_Recorded information_
● ● ● ●
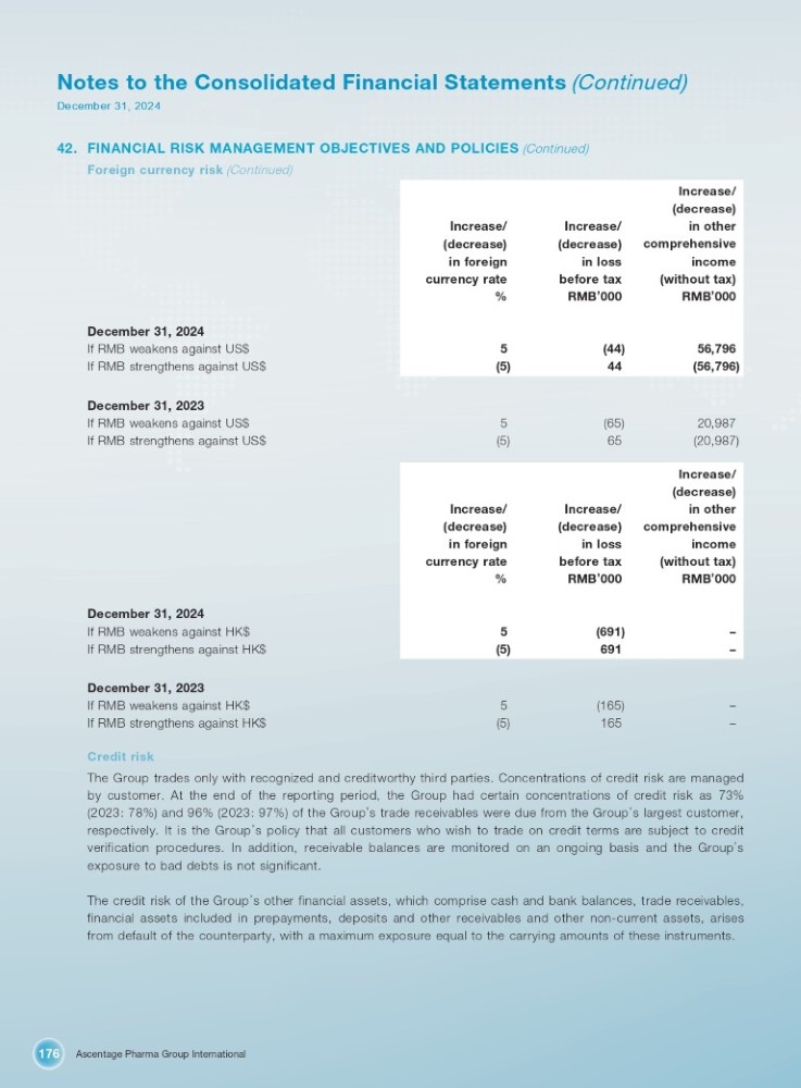 Ascentage Pharma Group International 176 Notes to the Consolidated Financial Statements (Continued) December 31, 2024 42. FINANCIAL RISK MANAGEMENT OBJECTIVES AND POLICIES (Continued) Foreign currency risk (Continued) Increase/ (decrease) in other comprehensive income (without tax) RMB ’ 000 Increase/ (decrease) in loss before tax RMB ’ 000 Increase/ (decrease) in foreign currency rate % December 31, 2024 56,796 (44) 5 If RMB weakens against US$ (56,796) 44 (5) If RMB strengthens against US$ December 31, 2023 20,987 (65) 5 If RMB weakens against US$ (20,987) 65 (5) If RMB strengthens against US$ Increase/ (decrease) in other comprehensive income (without tax) RMB ’ 000 Increase/ (decrease) in loss before tax RMB ’ 000 Increase/ (decrease) in foreign currency rate % December 31, 2024 – (691) 5 If RMB weakens against HK$ – 691 (5) If RMB strengthens against HK$ December 31, 2023 – (165) 5 If RMB weakens against HK$ – 165 (5) If RMB strengthens against HK$ Credit risk The Group trades only with recognized and creditworthy third parties . Concentrations of credit risk are managed by customer . At the end of the reporting period, the Group had certain concentrations of credit risk as 73 % ( 2023 : 78 % ) and 96 % ( 2023 : 97 % ) of the Group ’ s trade receivables were due from the Group ’ s largest customer, respectively . It is the Group ’ s policy that all customers who wish to trade on credit terms are subject to credit verification procedures . In addition, receivable balances are monitored on an ongoing basis and the Group ’ s exposure to bad debts is not significant . The credit risk of the Group ’ s other financial assets, which comprise cash and bank balances, trade receivables, financial assets included in prepayments, deposits and other receivables and other non - current assets, arises from default of the counterparty, with a maximum exposure equal to the carrying amounts of these instruments .
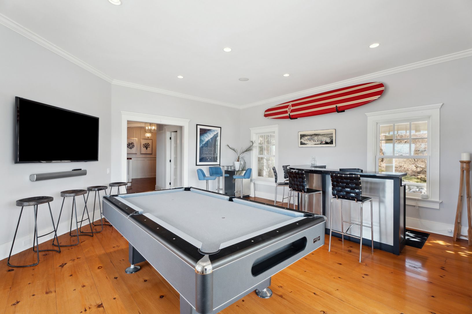 fabulous home with stunning view of Lake Montauk and the harbor with gorgeous sunsets. There are views from every angle of the home. Large open living space with a two upper decks . This home is perfect for entertaining family and friends whether splashing around the heated pool, playing ping pong or table pool in the bar room. Separate primary area with en-suite. Three guest rooms with one being an en-suite with king size bed. Bonus room ove
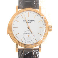Rose gold-tone 18kt rose gold case with a brown alligator band. Fixed rose gold-tone 18kt rose gold bezel. White dial with rose gold-tone hands and index hour markers. Minute markers around the outer rim. Dial Type: Analog. Hand wind movement. Scratch resistant sapphire crystal. Transparent see through case back. Round case shape, case size: 39 mm. Water resistant at 30 meters / 100 feet. Functions: hour, minute, tourbillon. Grand Complications Series. Luxury watch style. Watch label: Swiss Made. Patek Philippe Grand Complications Tourbillon Hand Wind White Dial Men's Watch 5339R-010. CASE Case Size: 39 Case Material: 18kt Rose Gold Case Shape: Round Case Back: Transparent See Through BAND Band Material: Alligator Band Type: Strap Band Color: Brown DIAL Dial Color: White Type: Analog Crystal: Scratch Resistant Sapphire Hands: Rose Gold-tone Dial Markers: Index Second Markers: Minute Markers around the outer rim Bezel: Fixed Bezel Color: Rose Gold-tone Bezel Material: 18kt Rose Gold INFORMATION Brand: Patek Philippe Series: Grand Complications Collection Name: Grand Complications Gender: Mens Model: 5339R-010 Watch Label: Swiss Made Movement: Hand Wind FEATURES Water Resistance: 30 meters / 100 feet Functions: Hour, Minute, Tourbillon Watch Features: Alligator Leather, Analog, Gold, Tourbillon ADDITIONAL INFO Watch Style: Luxury Warranty: 2 Year Jomashop Warranty Jomashop Sku: PK-5339R010 Department: Watches
● ● ● ●
_Work to be completed_
Restate the data exactly, though only from the line that contains "fabulous home with" through its last line, both ends included and with the pictures left out.

_Answer to this problem_
 fabulous home with stunning view of Lake Montauk and the harbor with gorgeous sunsets. There are views from every angle of the home. Large open living space with a two upper decks . This home is perfect for entertaining family and friends whether splashing around the heated pool, playing ping pong or table pool in the bar room. Separate primary area with en-suite. Three guest rooms with one being an en-suite with king size bed. Bonus room ove
Rose gold-tone 18kt rose gold case with a brown alligator band. Fixed rose gold-tone 18kt rose gold bezel. White dial with rose gold-tone hands and index hour markers. Minute markers around the outer rim. Dial Type: Analog. Hand wind movement. Scratch resistant sapphire crystal. Transparent see through case back. Round case shape, case size: 39 mm. Water resistant at 30 meters / 100 feet. Functions: hour, minute, tourbillon. Grand Complications Series. Luxury watch style. Watch label: Swiss Made. Patek Philippe Grand Complications Tourbillon Hand Wind White Dial Men's Watch 5339R-010. CASE Case Size: 39 Case Material: 18kt Rose Gold Case Shape: Round Case Back: Transparent See Through BAND Band Material: Alligator Band Type: Strap Band Color: Brown DIAL Dial Color: White Type: Analog Crystal: Scratch Resistant Sapphire Hands: Rose Gold-tone Dial Markers: Index Second Markers: Minute Markers around the outer rim Bezel: Fixed Bezel Color: Rose Gold-tone Bezel Material: 18kt Rose Gold INFORMATION Brand: Patek Philippe Series: Grand Complications Collection Name: Grand Complications Gender: Mens Model: 5339R-010 Watch Label: Swiss Made Movement: Hand Wind FEATURES Water Resistance: 30 meters / 100 feet Functions: Hour, Minute, Tourbillon Watch Features: Alligator Leather, Analog, Gold, Tourbillon ADDITIONAL INFO Watch Style: Luxury Warranty: 2 Year Jomashop Warranty Jomashop Sku: PK-5339R010 Department: Watches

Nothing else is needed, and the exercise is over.